• Instructions for the task: A faithful copy of all the data is required; pictures should not be included.

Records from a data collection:
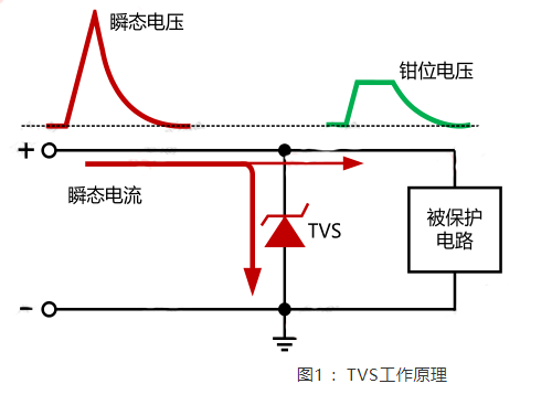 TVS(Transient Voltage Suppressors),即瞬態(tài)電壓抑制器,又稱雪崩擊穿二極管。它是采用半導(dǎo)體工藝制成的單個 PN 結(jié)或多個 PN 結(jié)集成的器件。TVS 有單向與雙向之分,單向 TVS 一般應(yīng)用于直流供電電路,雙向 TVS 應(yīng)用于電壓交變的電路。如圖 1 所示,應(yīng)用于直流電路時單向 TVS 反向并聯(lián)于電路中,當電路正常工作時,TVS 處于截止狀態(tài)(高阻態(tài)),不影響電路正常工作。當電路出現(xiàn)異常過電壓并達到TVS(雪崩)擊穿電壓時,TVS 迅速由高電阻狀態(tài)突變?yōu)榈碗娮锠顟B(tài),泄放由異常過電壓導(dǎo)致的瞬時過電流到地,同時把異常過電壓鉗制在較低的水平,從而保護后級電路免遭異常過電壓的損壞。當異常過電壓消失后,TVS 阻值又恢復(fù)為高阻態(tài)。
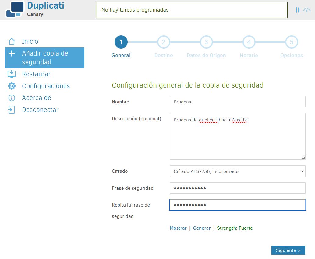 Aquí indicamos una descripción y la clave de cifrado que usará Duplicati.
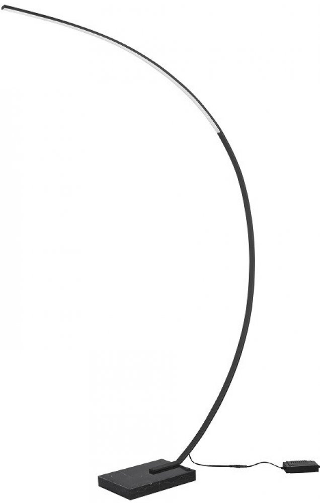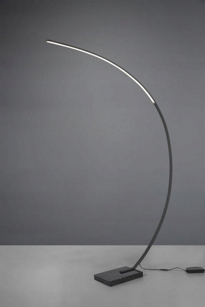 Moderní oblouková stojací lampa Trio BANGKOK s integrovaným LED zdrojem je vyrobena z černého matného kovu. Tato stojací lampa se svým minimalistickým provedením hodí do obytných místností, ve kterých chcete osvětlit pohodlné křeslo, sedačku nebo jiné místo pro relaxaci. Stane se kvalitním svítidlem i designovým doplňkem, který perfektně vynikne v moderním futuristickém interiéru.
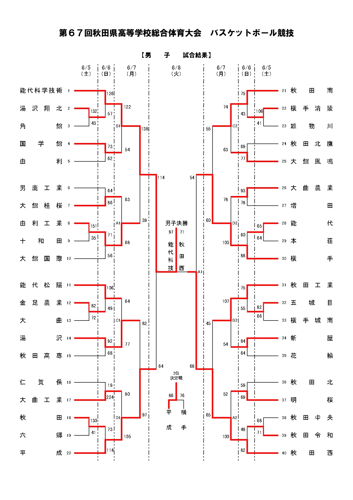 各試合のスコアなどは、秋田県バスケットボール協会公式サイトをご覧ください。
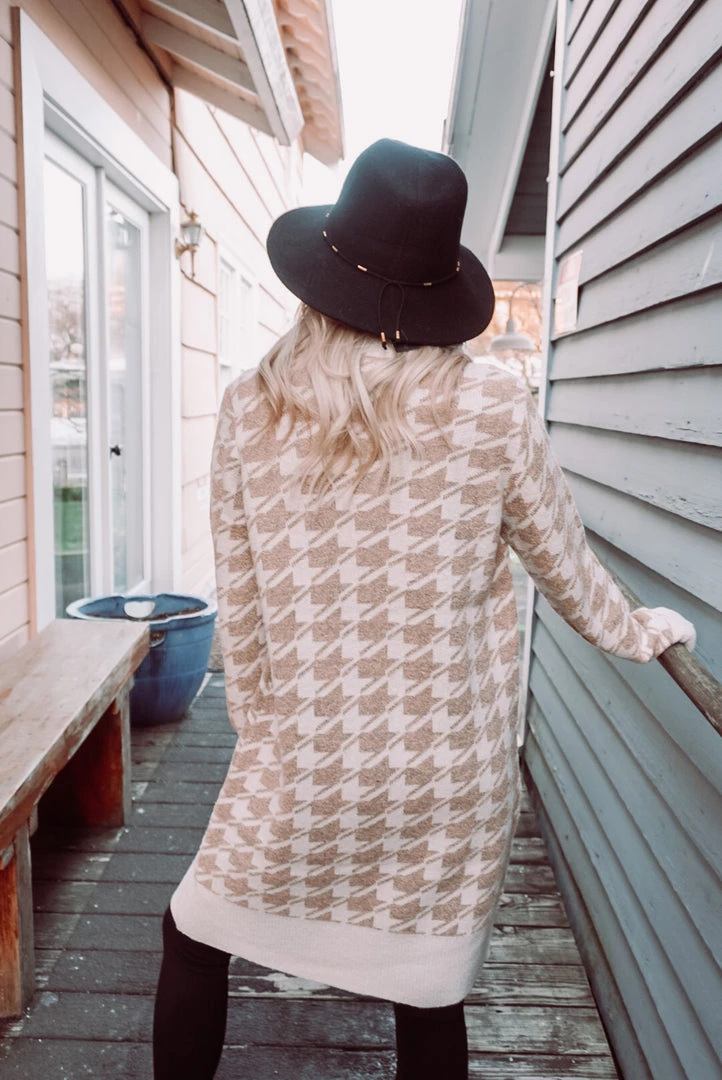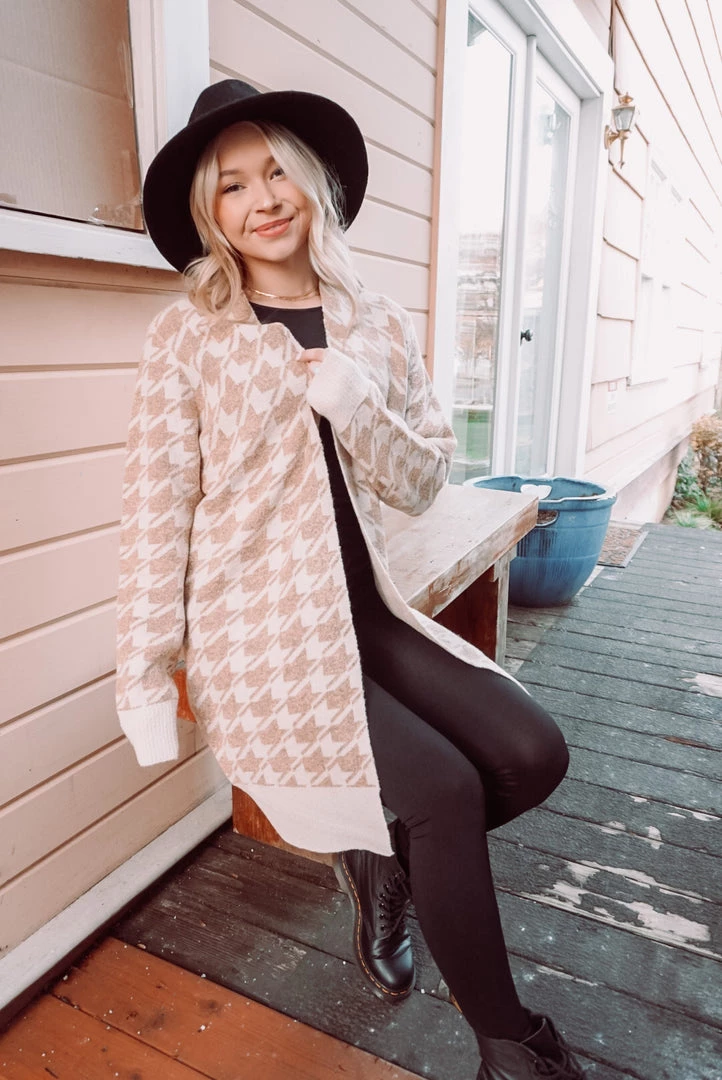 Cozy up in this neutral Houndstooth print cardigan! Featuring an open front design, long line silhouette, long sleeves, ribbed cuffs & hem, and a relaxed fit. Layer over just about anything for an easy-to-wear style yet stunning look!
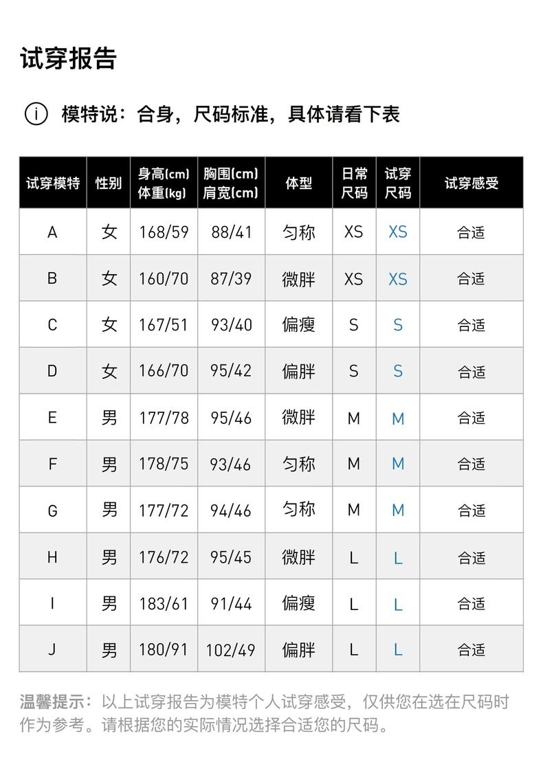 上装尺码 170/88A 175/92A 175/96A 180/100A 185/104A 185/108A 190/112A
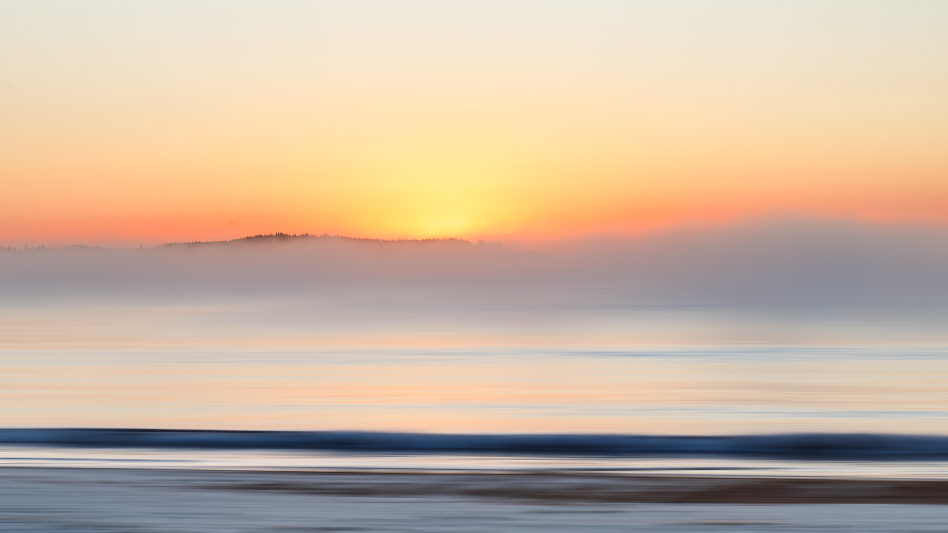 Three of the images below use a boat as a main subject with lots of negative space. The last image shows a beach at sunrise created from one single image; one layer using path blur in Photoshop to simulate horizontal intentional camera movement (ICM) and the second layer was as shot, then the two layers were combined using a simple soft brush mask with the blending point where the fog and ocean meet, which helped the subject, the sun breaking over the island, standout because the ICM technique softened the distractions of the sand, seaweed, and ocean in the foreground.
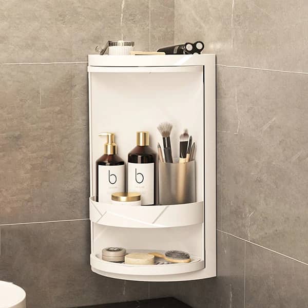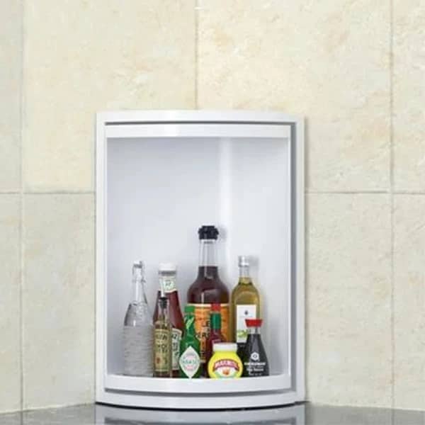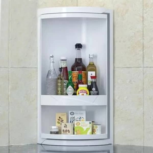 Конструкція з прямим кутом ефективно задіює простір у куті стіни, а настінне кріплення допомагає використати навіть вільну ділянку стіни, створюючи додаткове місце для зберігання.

• Exercise solution:
 TVS(Transient Voltage Suppressors),即瞬態(tài)電壓抑制器,又稱雪崩擊穿二極管。它是采用半導(dǎo)體工藝制成的單個 PN 結(jié)或多個 PN 結(jié)集成的器件。TVS 有單向與雙向之分,單向 TVS 一般應(yīng)用于直流供電電路,雙向 TVS 應(yīng)用于電壓交變的電路。如圖 1 所示,應(yīng)用于直流電路時單向 TVS 反向并聯(lián)于電路中,當電路正常工作時,TVS 處于截止狀態(tài)(高阻態(tài)),不影響電路正常工作。當電路出現(xiàn)異常過電壓并達到TVS(雪崩)擊穿電壓時,TVS 迅速由高電阻狀態(tài)突變?yōu)榈碗娮锠顟B(tài),泄放由異常過電壓導(dǎo)致的瞬時過電流到地,同時把異常過電壓鉗制在較低的水平,從而保護后級電路免遭異常過電壓的損壞。當異常過電壓消失后,TVS 阻值又恢復(fù)為高阻態(tài)。
 Aquí indicamos una descripción y la clave de cifrado que usará Duplicati.
 Moderní oblouková stojací lampa Trio BANGKOK s integrovaným LED zdrojem je vyrobena z černého matného kovu. Tato stojací lampa se svým minimalistickým provedením hodí do obytných místností, ve kterých chcete osvětlit pohodlné křeslo, sedačku nebo jiné místo pro relaxaci. Stane se kvalitním svítidlem i designovým doplňkem, který perfektně vynikne v moderním futuristickém interiéru.
 各試合のスコアなどは、秋田県バスケットボール協会公式サイトをご覧ください。
 Cozy up in this neutral Houndstooth print cardigan! Featuring an open front design, long line silhouette, long sleeves, ribbed cuffs & hem, and a relaxed fit. Layer over just about anything for an easy-to-wear style yet stunning look!
 上装尺码 170/88A 175/92A 175/96A 180/100A 185/104A 185/108A 190/112A
 Three of the images below use a boat as a main subject with lots of negative space. The last image shows a beach at sunrise created from one single image; one layer using path blur in Photoshop to simulate horizontal intentional camera movement (ICM) and the second layer was as shot, then the two layers were combined using a simple soft brush mask with the blending point where the fog and ocean meet, which helped the subject, the sun breaking over the island, standout because the ICM technique softened the distractions of the sand, seaweed, and ocean in the foreground.
 Конструкція з прямим кутом ефективно задіює простір у куті стіни, а настінне кріплення допомагає використати навіть вільну ділянку стіни, створюючи додаткове місце для зберігання.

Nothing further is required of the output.